→ Provided records

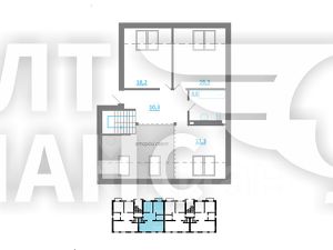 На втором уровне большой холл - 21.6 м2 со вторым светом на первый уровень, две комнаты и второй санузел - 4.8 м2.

--

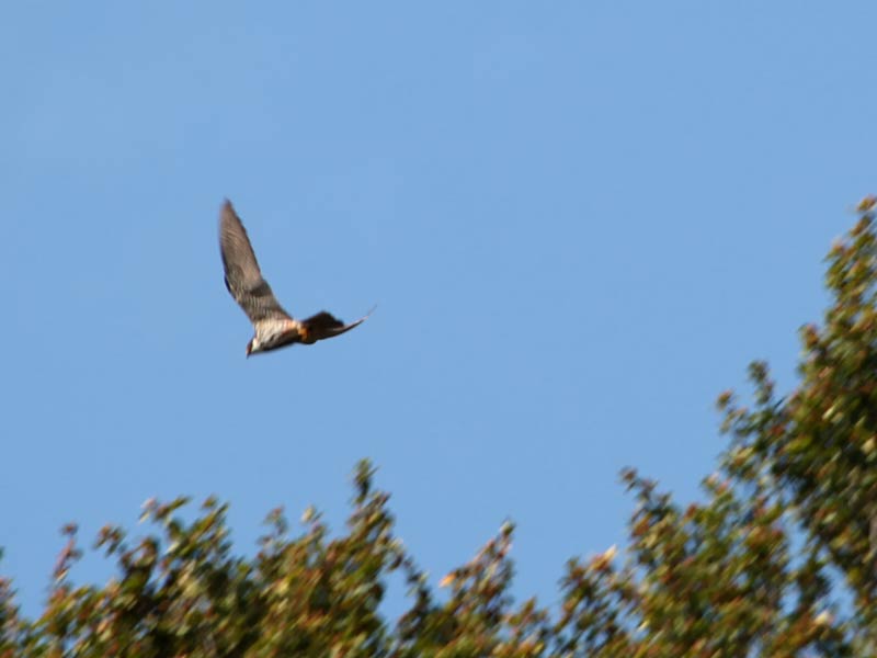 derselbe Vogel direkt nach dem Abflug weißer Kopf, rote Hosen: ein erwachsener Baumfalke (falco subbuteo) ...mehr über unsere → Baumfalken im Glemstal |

---

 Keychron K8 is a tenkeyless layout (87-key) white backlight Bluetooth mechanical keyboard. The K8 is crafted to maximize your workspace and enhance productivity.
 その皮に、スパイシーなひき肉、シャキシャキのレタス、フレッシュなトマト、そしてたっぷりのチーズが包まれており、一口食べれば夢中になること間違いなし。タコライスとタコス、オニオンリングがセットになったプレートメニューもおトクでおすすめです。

→ Your objective
Please copy the lines in the records above between the one holding "Keychron K8 is" and the one holding "その皮に、スパイシーなひき肉", inclusive, exactly and with no other line.

→ Result for this exercise
 Keychron K8 is a tenkeyless layout (87-key) white backlight Bluetooth mechanical keyboard. The K8 is crafted to maximize your workspace and enhance productivity.
 その皮に、スパイシーなひき肉、シャキシャキのレタス、フレッシュなトマト、そしてたっぷりのチーズが包まれており、一口食べれば夢中になること間違いなし。タコライスとタコス、オニオンリングがセットになったプレートメニューもおトクでおすすめです。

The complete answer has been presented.